=== Begin Enclosure ===

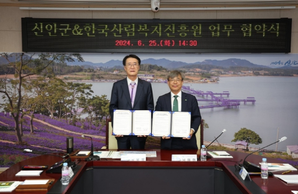 [남도저널 봉현구 기자] 신안군은 6월 25일 군청에서 한국산림복지진흥원과 산림복지 사회적 가치 향상을 위한 업무협약을 체결했다.
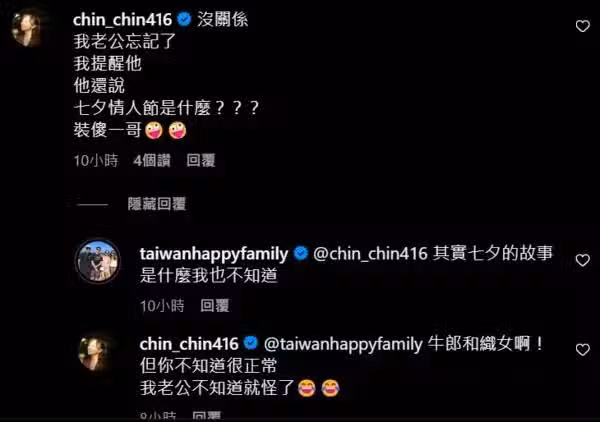 完全忘記了!」原來,他們一家人都在美國,結果老婆也忘記了,「所以我們是平等的,我還是愛你。」好友季芹也忍不住留言吐槽,老公王仁甫也忘記七夕,被提醒後還反問:「七夕情人節是什麼?」讓他哭笑不得說,另一半根本是裝傻一哥。
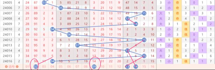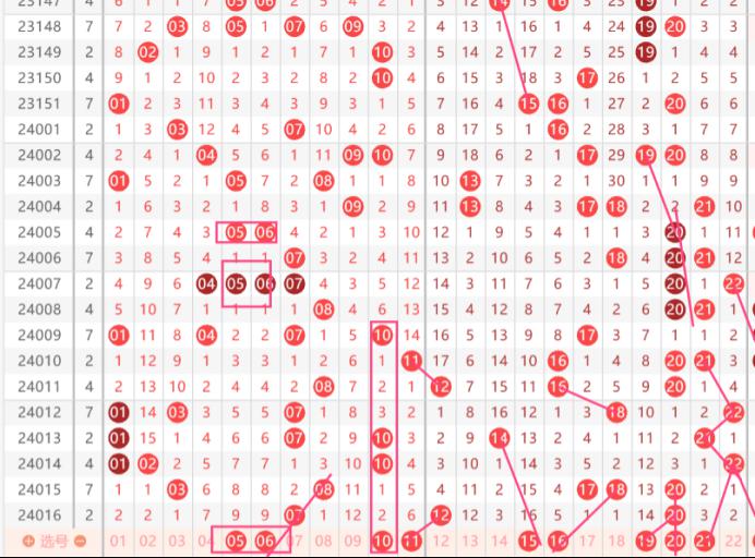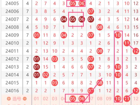 参照上图,005-007期下落出号05、06连号形态,仿制其形态,本期05、06俩个号出号明显,且06码数可构成斜连三码走势,须关注;013-014期开出10码数落重形态,参照其形态,目前10码数间隔两期未开出,本期10码数有概率出号,并构成互补形态,须关注;010-011期开出11、12连个码数构成斜连,上期12码数下落出号,本期11码数出号明显,须防守;

=== End Enclosure ===

What is needed here is an exact repetition of the listing above, pictures excluded.

◆ Answer area
 [남도저널 봉현구 기자] 신안군은 6월 25일 군청에서 한국산림복지진흥원과 산림복지 사회적 가치 향상을 위한 업무협약을 체결했다.
 完全忘記了!」原來,他們一家人都在美國,結果老婆也忘記了,「所以我們是平等的,我還是愛你。」好友季芹也忍不住留言吐槽,老公王仁甫也忘記七夕,被提醒後還反問:「七夕情人節是什麼?」讓他哭笑不得說,另一半根本是裝傻一哥。
 参照上图,005-007期下落出号05、06连号形态,仿制其形态,本期05、06俩个号出号明显,且06码数可构成斜连三码走势,须关注;013-014期开出10码数落重形态,参照其形态,目前10码数间隔两期未开出,本期10码数有概率出号,并构成互补形态,须关注;010-011期开出11、12连个码数构成斜连,上期12码数下落出号,本期11码数出号明显,须防守;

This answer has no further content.